Başkalarının sahip olduğu aynı acil arzulara sahip değilsiniz gibi görünüyor. Ve şarabı tattınız ve bunun size kötü bir akşamdan kalmalık bırakabileceğini gördünüz. Bunu göz önünde bulundurarak, ilişkilerin gerçekten de peşinden gitmeye değer olup olmadığını sorguluyorsunuz, ortaya çıkabilecek risk ve acıyı merak ediyorsunuz.
Evliyken, ikisi de artık yaşlı ve bekar olan iki arkadaşım var. Biri eş bulmak istiyordu. Ancak çabaları her zaman doğru kişiyi bulmakta başarısız oldu. Yıllarca bununla çok mücadele etti. Sonunda, bunun kendisi için olmayacağını kabul ettiği ve hayatının tadını çıkarmaya koyulduğu noktaya geldi. Diğer arkadaşının evliliğe yol açmayan birkaç ilişkisi vardı. Ancak 30'lu yaşlarında, gerçekten evlenmek istemediğine ve evlilikten daha az bir ilişki istemediğine karar verdi. Arkadaşları var ve birçok şeyle ilgileniyor ve profesyonel bir danışman olarak uzun bir kariyer yaptı.

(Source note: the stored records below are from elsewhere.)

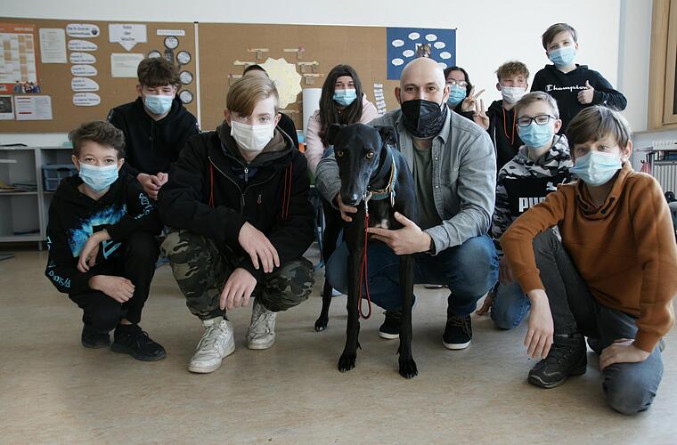 Es folgte ein abschließender zweiter Test und der 36-Jährige startete mit dem Windhund und der 7b in Bad Brückenau einen "Langzeitversuch". Charlie soll die Mittelschüler bis zu ihrem Abschluss an Kocipers neuem Arbeitsort begleiten. Auch danach wird er Teil der Schulfamilienn bleiben. Zunächst kam der Hund zweimal die Woche für einen ganzen Schultag in die Einrichtung; inzwischen bringt ihn sein Herrchen nur noch einmal mit, immer montags.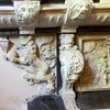I den nederste del er i et relief en allegori over lastens og dydens veje omgivet af konsoller med løver. I hjørnerne er der to store løver på spring med kanonkugler mellem poterne. Herover står der: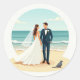 Comprend 20 petits autocollants sur une feuille. Des autocollants de mariage délicats avec une mariée et un marié sur une plage sereine, parfaits pour les célébrations mariages ou les jalons de l'anniversaire.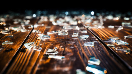 Tiny shards of glass are scattered across a dark wooden floor, glimmering softly in low light. The artistic arrangement creates an enchanting contrast between fragility and strength.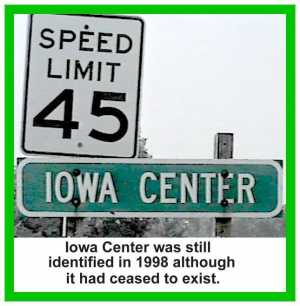 | Once called Goshen. It was laid out in 1855 and reached its peak in about 1881. It's demise started when the railroad went through 3 miles south. A new town, Maxwell, was started and Iowa Center's buildings were moved to Maxwell. There are still signs for "Iowa Center" on S27 north of Maxwell. Submitted by: Jerry Hale | ![]() Iowa Center Courtesy Jerry Hale |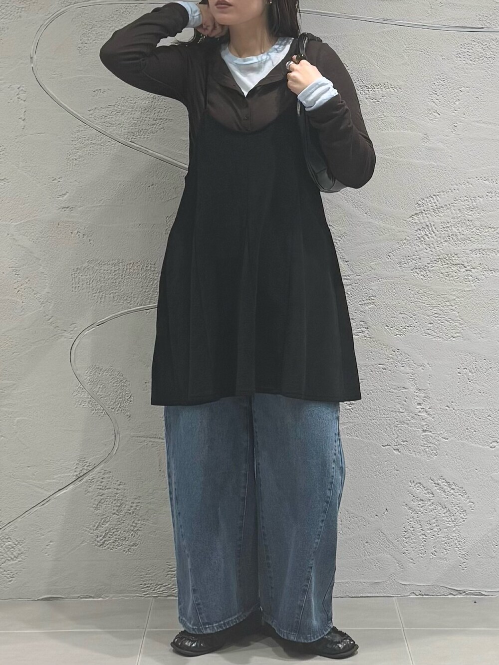 中のカットソーは袖と裾両サイドにギャザーが入っていてさりげないアクセントに✨

Bir yerlerde kötü ilişkilerden yaralananlarla dolu büyük bir hastane var. Aldatılan eş. Beş kez evlenen ve bir dizi başarısızlık ve çocuk sahibi olan kişi. Evlenen, diğerini seven ama karşılığında asla sevilmeyen kişi. Görünüşe göre bunu düşündünüz ve denkleminize dahil ettiniz.
Sonuç olarak, burada bulunan hiç kimsenin size verebileceği doğru bir cevap yoktur. Siz kusurlu değilsiniz. Siz, sizsiniz. Kültürel geçmişinize ve ailenize bağlı olarak, size yakın olan diğerleri sizi anlamayabilir. Neden birinin bekar bir hayatı seçeceğini anlayabilen insanlar her zaman olacaktır.

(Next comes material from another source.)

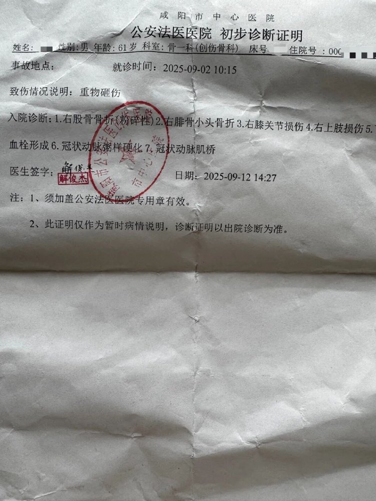 当天,医院出具的初步诊断证明显示,李女士父亲为右股骨粉碎性骨折、右腓骨小头骨折,同时右膝关节与右上肢损伤,还伴有血栓的形成。

Bir şeyleri kaçırıyorsunuz ve kaçırmıyorsunuz.
Bunun artıları ve eksileri var.
İlk olarak, hayattan zevk almak için gerçekten romantik ve yakın bir ilişki içinde olmanız gerekmiyor.
Önemli olan tek şey, size saygı duyan ve sizi olduğunuz gibi seven bir adam bulmak. Hepsi bu.
Ve kalp kırıkları hakkında, evli olsanız bile, yine de kalp kırıkları yaşarsınız ve bu ilkiniz olduğunda çok daha fazla acı çekeceksiniz. Aslında bunu her zaman hatırlayacaksınız.
Ancak kesin olan bir şey var ki, ilişkiye asla kalbinizi kapatmayın. Büyüdüğünüzde bu güzel bir şeydir ve hala bunu yapıyorsunuz. 28 yaşında olsanız da fark etmez.
Bu yaşlardaki ilişkiler bir bakıma akıl sağlığımızı korur. Aidiyet duygusunu bize yaşatır. Hayatı kolaylaştırır. Saymakla bitmeyecek kadar çok şey yapar.
Herkes için her zaman birileri vardır. O biriyle tanışmaya giden yollar bazıları için zor, bazıları için kolay olabilir.
Olgun bir insansınız, bu yüzden doğru karar geldiğinde karar vermek sorun olmamalı.
Acı çekiyorsun, bu olur, doğaldır. Doğru adamı bulana kadar bir şey kaçırmıyorsun ve sonra onu bırakma hatasını yapıyorsun.